■ WHAT THE TASK REQUIRES
Return nothing but the lines from the one with "今年6月30日,《翠湖周邊歷" through the one with "实至名归!梅西1射3助当选全场最好,季后赛球队3胜最好齐是他" in the data below, word for word and without pictures.

■ SUPPLIED INFORMATION
------------------------

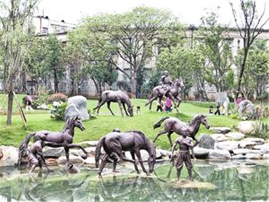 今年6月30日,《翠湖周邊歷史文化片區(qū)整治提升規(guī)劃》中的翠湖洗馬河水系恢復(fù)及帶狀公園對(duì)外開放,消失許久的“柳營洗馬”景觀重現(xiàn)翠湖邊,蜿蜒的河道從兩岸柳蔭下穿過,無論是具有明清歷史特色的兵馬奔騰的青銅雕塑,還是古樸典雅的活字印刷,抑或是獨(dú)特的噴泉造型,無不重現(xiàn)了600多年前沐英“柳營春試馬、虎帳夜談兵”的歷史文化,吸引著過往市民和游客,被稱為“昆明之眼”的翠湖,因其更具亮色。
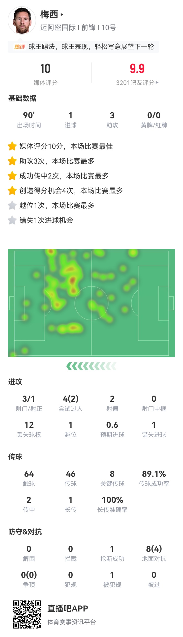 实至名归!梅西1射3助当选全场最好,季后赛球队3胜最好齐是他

------------------------

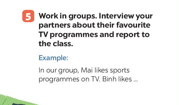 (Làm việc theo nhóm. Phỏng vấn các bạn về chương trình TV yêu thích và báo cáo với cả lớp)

------------------------

■ RESULT FOR THIS EXERCISE
 今年6月30日,《翠湖周邊歷史文化片區(qū)整治提升規(guī)劃》中的翠湖洗馬河水系恢復(fù)及帶狀公園對(duì)外開放,消失許久的“柳營洗馬”景觀重現(xiàn)翠湖邊,蜿蜒的河道從兩岸柳蔭下穿過,無論是具有明清歷史特色的兵馬奔騰的青銅雕塑,還是古樸典雅的活字印刷,抑或是獨(dú)特的噴泉造型,無不重現(xiàn)了600多年前沐英“柳營春試馬、虎帳夜談兵”的歷史文化,吸引著過往市民和游客,被稱為“昆明之眼”的翠湖,因其更具亮色。
 实至名归!梅西1射3助当选全场最好,季后赛球队3胜最好齐是他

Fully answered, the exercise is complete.